[GIVEN DATA Boundary: Start]
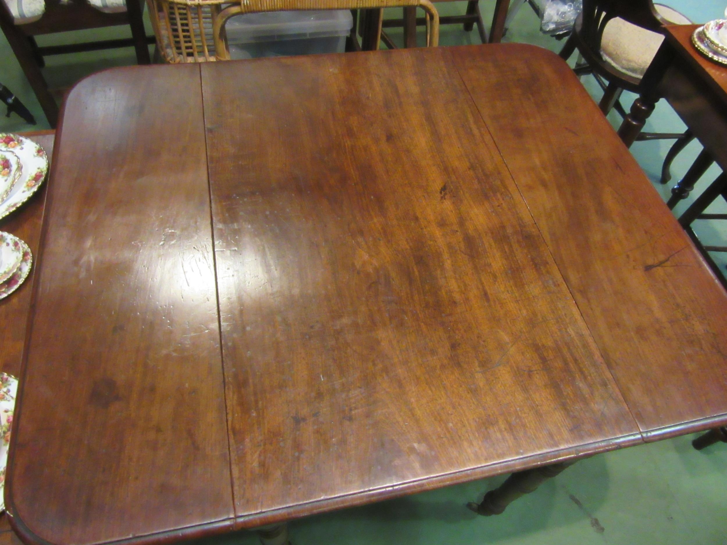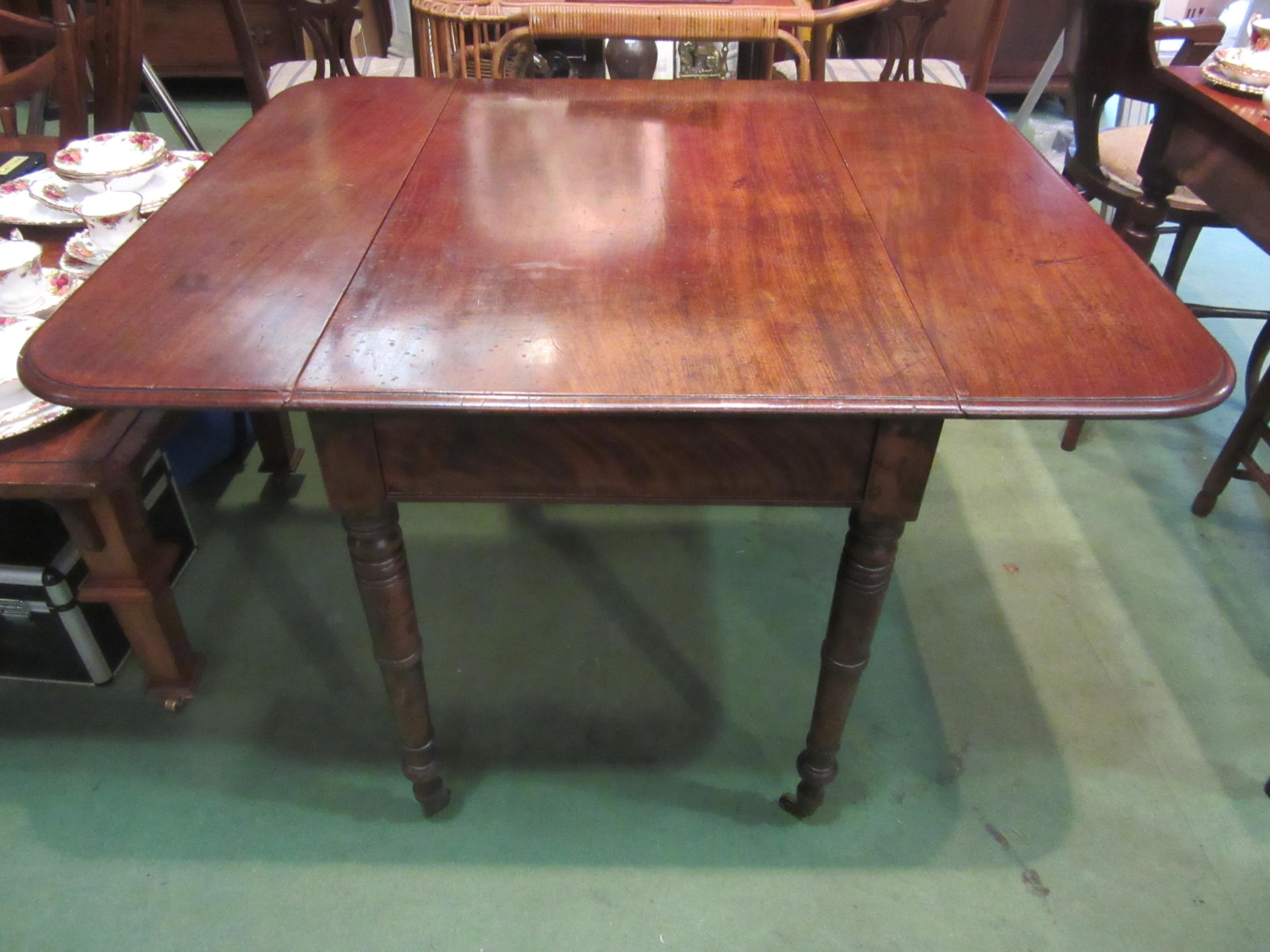 A 19th Century mahogany Pembroke table on turned legs to brass castors, 70cm tall x 111cm long x 96cm wide including flaps
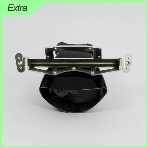 Racing-Luftkanal lang in Premium-Qualität aus gewebtem GFK-Gewebe mit schwarzem Deckschichtharz (nicht lackiert), inklusive Befestigung für Lenkungsdämpfer, mit passendem Front-Verkleidungshalter aus Aluminium für ein ADU-Dashboard.
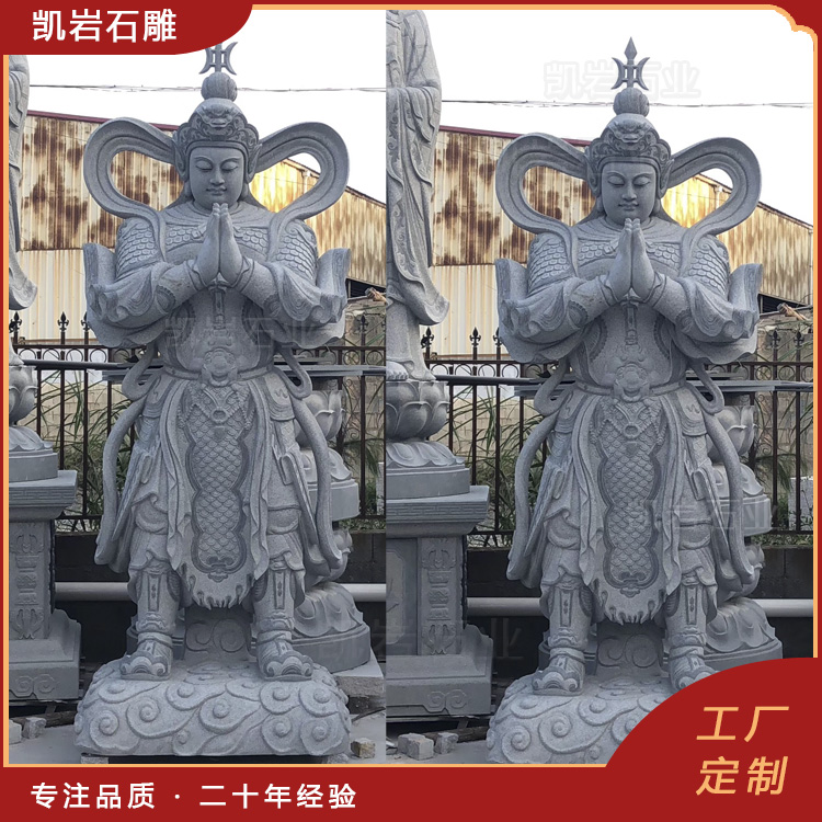 在寺庙中,石雕韦陀通常被塑造成身穿铠甲、手持...
[GIVEN DATA Boundary: End]
Each line above is to be duplicated exactly, and the pictures are to be omitted.

 A 19th Century mahogany Pembroke table on turned legs to brass castors, 70cm tall x 111cm long x 96cm wide including flaps
 Racing-Luftkanal lang in Premium-Qualität aus gewebtem GFK-Gewebe mit schwarzem Deckschichtharz (nicht lackiert), inklusive Befestigung für Lenkungsdämpfer, mit passendem Front-Verkleidungshalter aus Aluminium für ein ADU-Dashboard.
 在寺庙中,石雕韦陀通常被塑造成身穿铠甲、手持...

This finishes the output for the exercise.